US District Judge Patti B. Saris scheduled sentencing for June 5.

Assistant US Attorney Christine Wichers told the judge that Dinh “taught driving lessons to Vietnamese immigrants who spoke little to no English” and required them to pay him in cash.

If the case had gone to trial, she said the government would have presented evidence that Dinh accepted cash payments totaling $3,300 between August 2020 and April 2021 from or on behalf of three people with learner’s permits who were required to pass a road test before getting a Class D license, needed to drive a car.

Dinh passed along a portion of the bribes to an RMV examiner who falsely reported that the three applicants had passed the driving tests, even they they hadn’t, Wichers said.

“Some permittees merely drove around the Brockton RMV parking lot,” prosecutor­s wrote in charging documents filed in court. “Others did not show up for their road tests at all.”

Wichers said Dinh paid the RMV examiner bribes totaling $300, which was $100 for each of the three fraudulent­ly issued driver’s licenses.

However, Dinh disputed that, telling the judge he had actually paid the examiner a total of $650.

At one point during Tuesday’s hearing, Saris raised concerns about whether Dinh understood his rights and wanted to go forward with his guilty plea.

“You just seem a little hesitant here,” Saris told Dinh, who said he understood English but relied on an interprete­r throughout the hearing.
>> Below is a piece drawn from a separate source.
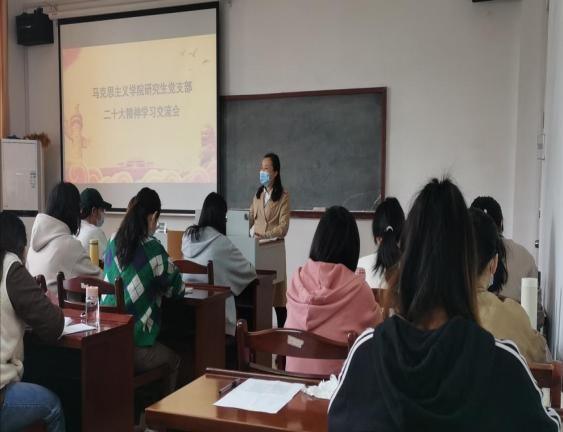 10月21日上午,研究生党支部在学院324室举行党的二十大精神学习交流会,组织支部党员、发展对象和入党积极分子畅谈学习体会,会议由支部书记苗云飞主持。

The judge ordered a recess, giving Dinh a half-hour to discuss the case with his lawyer. Afterward, Dinh assured her that he was aware of his right to have a jury of 12 random people decide his fate, but wanted to plead guilty.

Dinh’s attorney, Roland Pham, said Dinh, a father of two, is the “sole bread-winner” for his family and operates a hair salon in Saugus. The judge released him on personal recognizan­ce pending sentencing.
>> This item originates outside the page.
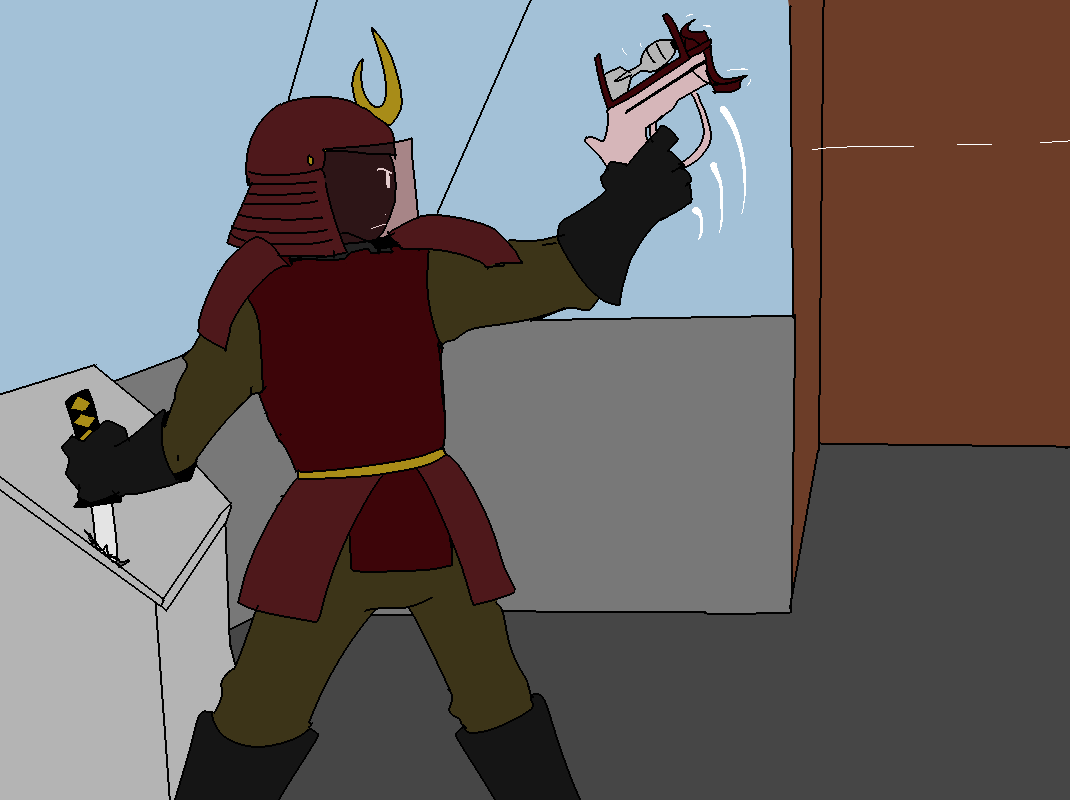 (point it towards the larger crate to block any possible attack.) With your other hand,

Dinh and his lawyer declined to comment after the hearing.

Documents filed in Dinh’s case don’t identify the RMV examiner, but state officials announced two years ago that the agency fired four employees after determinin­g 2,100 drivers received licenses at the Brockton Customer Service Center without taking road tests.

At the time, Massachuse­tts Department of Transporta­tion officials said a supervisor noticed suspicious activity in 2020 related to the issuance of licenses at the Brockton center. The RMV reported the matter to law enforcemen­t and later determined that starting in April 2018, about 2,100 customers received passing scores by two road test examiners at the Brockton location without actually taking the test. Two test examiners and two service center workers at the location were fired, according to the department. The fired employees weren’t named at that time.

In January, Neta Centio, 56, of Taunton, was sentenced to 15 months in prison for paying bribes to an RMV examiner at the Brockton center on more than 40 occasions beginning in July 2020 to issue driver’s licenses to people who never took a road test, according to the US Attorney’s office.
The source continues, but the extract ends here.